* **Material supplied**
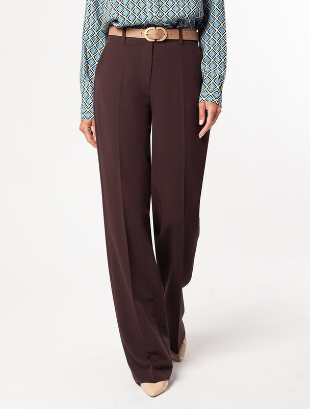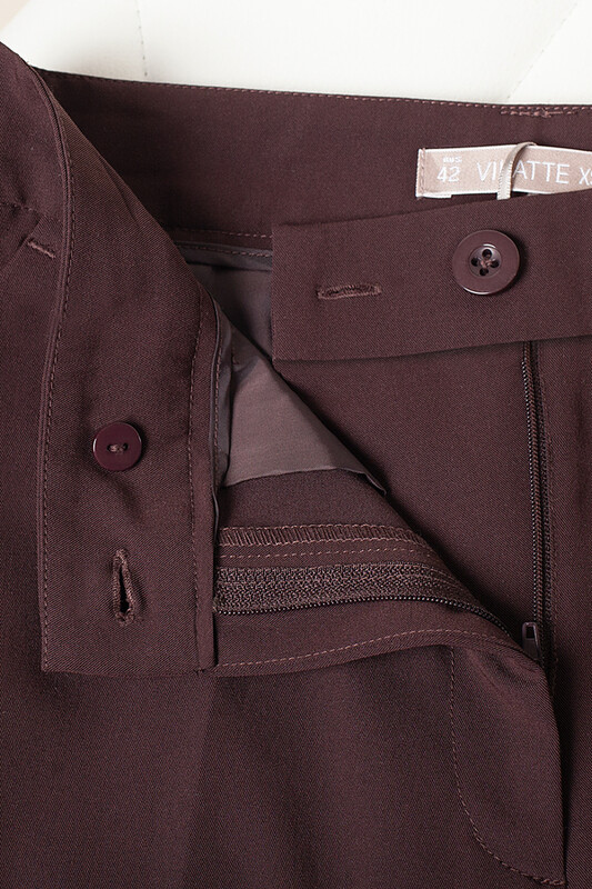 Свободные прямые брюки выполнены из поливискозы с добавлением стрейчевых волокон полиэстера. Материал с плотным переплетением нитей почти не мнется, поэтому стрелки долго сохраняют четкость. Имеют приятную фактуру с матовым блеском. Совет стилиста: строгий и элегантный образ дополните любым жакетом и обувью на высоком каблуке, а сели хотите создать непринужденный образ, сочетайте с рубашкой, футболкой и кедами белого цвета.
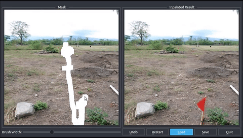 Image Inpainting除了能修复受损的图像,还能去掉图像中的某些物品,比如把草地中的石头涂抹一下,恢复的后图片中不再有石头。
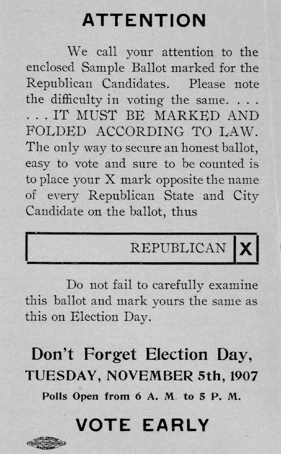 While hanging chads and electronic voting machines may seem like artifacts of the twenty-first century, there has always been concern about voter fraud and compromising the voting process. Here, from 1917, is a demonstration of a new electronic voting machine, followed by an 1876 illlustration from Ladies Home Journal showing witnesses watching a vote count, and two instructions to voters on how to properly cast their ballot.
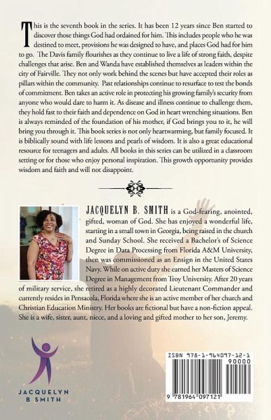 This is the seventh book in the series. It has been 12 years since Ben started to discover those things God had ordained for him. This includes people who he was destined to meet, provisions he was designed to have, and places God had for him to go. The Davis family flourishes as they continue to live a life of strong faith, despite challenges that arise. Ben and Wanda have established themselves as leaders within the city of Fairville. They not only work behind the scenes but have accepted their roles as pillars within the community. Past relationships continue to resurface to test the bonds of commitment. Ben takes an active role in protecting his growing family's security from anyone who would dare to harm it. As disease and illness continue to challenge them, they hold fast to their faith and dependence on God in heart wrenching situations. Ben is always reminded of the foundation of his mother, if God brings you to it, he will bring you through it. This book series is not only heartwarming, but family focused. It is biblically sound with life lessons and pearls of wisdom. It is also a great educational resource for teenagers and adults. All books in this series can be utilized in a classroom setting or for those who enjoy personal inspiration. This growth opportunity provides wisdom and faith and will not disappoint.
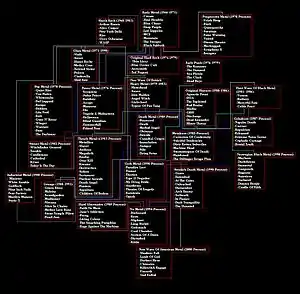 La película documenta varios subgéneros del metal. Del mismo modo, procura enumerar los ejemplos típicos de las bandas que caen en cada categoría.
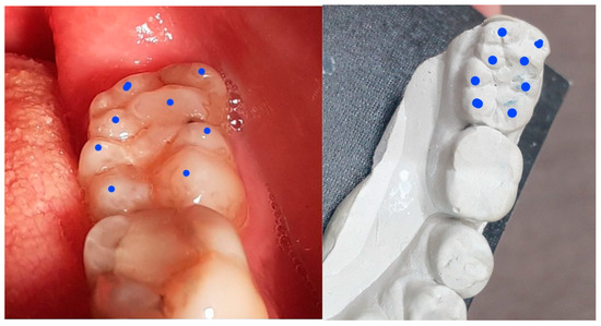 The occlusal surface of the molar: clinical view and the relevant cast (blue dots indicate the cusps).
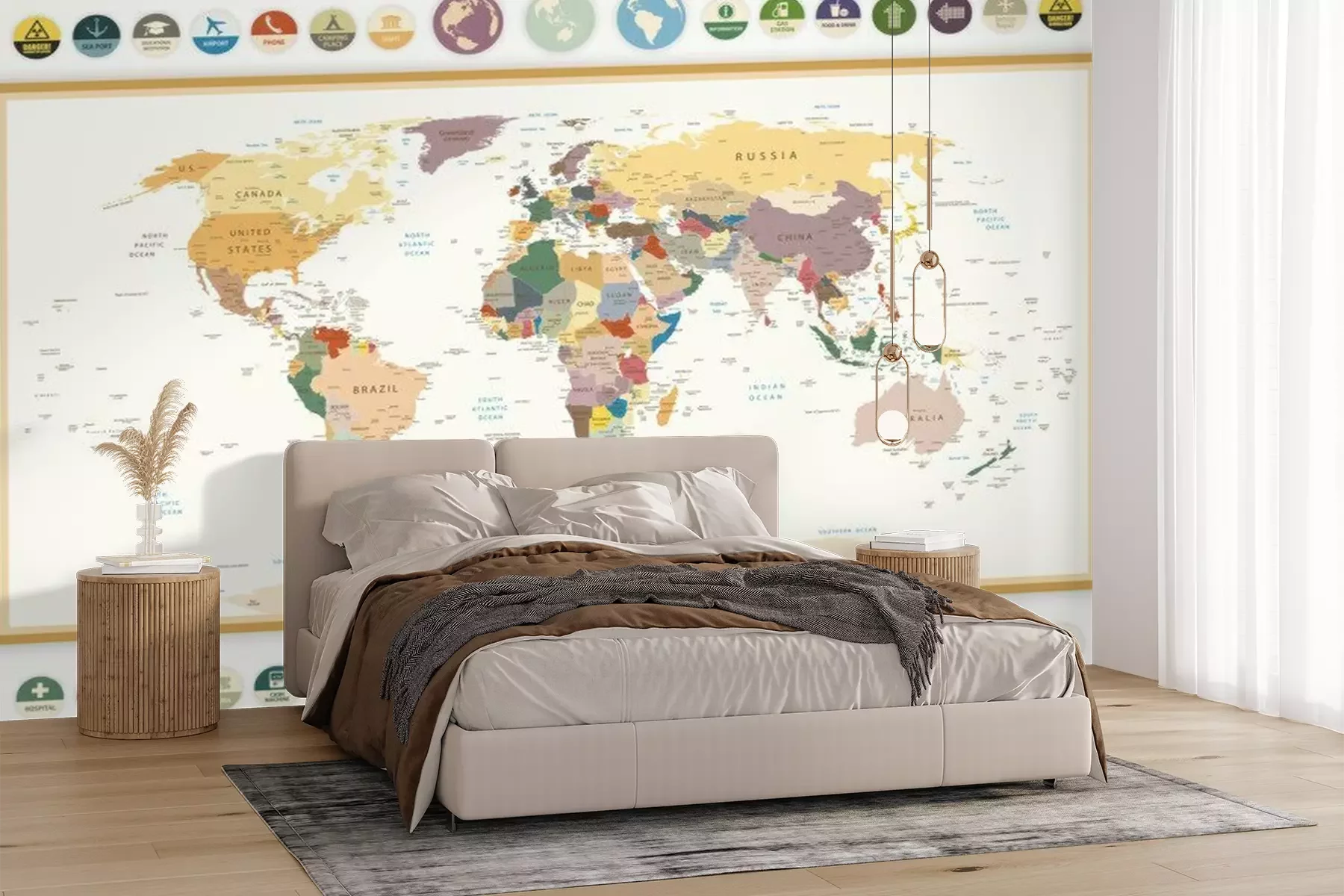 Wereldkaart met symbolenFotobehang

* **Task directions**
Once the line containing "The occlusal surface" is found, write it out exactly along with every line after it through the end of the listing, excluding pictures.

* **Result of this exercise**
 The occlusal surface of the molar: clinical view and the relevant cast (blue dots indicate the cusps).
 Wereldkaart met symbolenFotobehang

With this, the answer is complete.